Your instructions => In the data below, the answer is the run of lines from the line containing "TEMU 2개 여아용" through the line containing "Bring the outdoors", both included; print it exactly and nothing else.
*** Data shown Section Begins ***
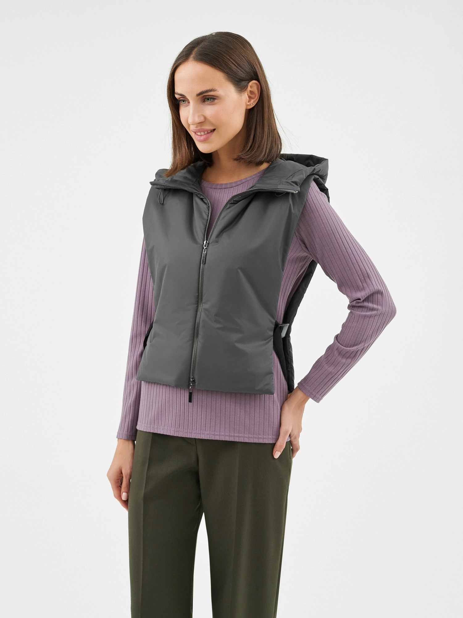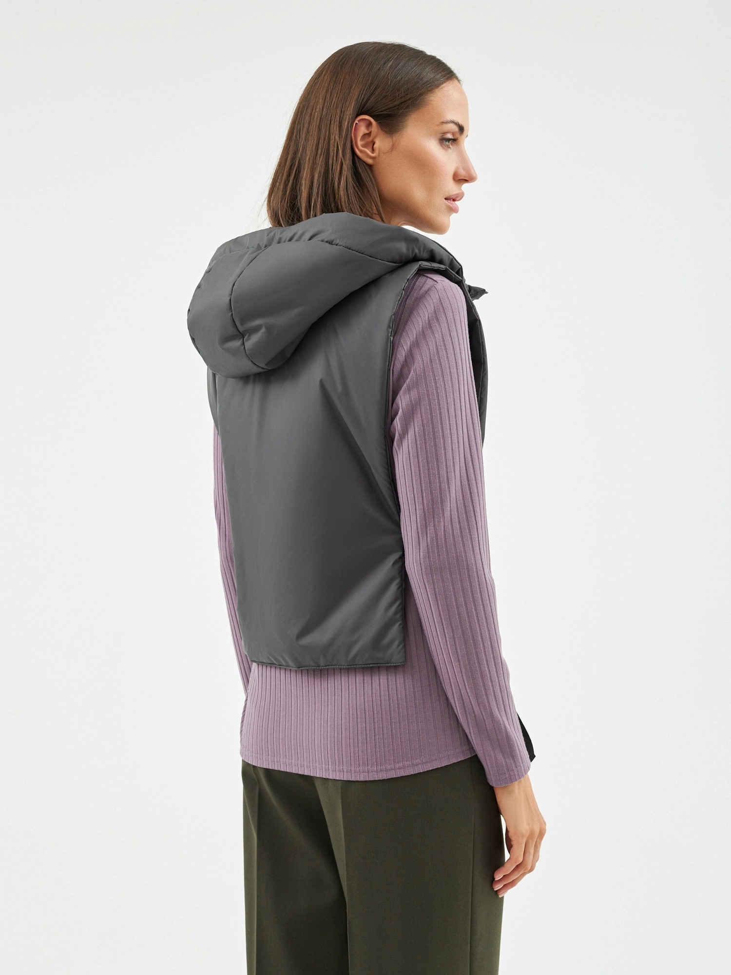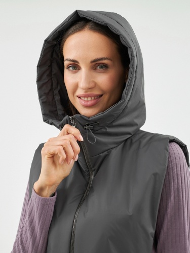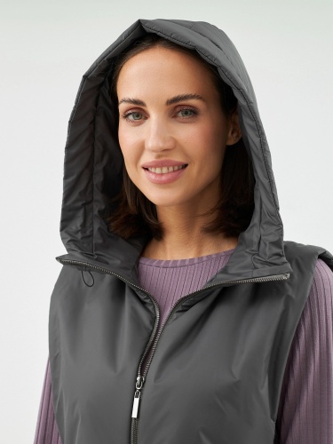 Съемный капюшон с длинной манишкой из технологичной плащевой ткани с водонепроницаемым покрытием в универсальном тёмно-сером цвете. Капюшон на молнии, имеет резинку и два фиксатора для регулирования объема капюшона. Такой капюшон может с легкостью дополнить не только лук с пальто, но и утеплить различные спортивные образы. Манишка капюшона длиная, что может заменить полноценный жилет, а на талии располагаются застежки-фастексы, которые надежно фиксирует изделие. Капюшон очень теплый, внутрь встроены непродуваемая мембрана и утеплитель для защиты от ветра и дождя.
*** Data shown Section Ends ***
*** Data shown Section Begins ***
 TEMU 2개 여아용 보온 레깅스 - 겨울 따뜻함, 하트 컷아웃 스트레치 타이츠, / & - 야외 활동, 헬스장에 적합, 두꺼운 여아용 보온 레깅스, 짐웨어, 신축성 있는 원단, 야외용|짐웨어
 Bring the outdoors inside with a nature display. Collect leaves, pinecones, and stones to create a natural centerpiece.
*** Data shown Section Ends ***
Output of the task =>
 TEMU 2개 여아용 보온 레깅스 - 겨울 따뜻함, 하트 컷아웃 스트레치 타이츠, / & - 야외 활동, 헬스장에 적합, 두꺼운 여아용 보온 레깅스, 짐웨어, 신축성 있는 원단, 야외용|짐웨어
 Bring the outdoors inside with a nature display. Collect leaves, pinecones, and stones to create a natural centerpiece.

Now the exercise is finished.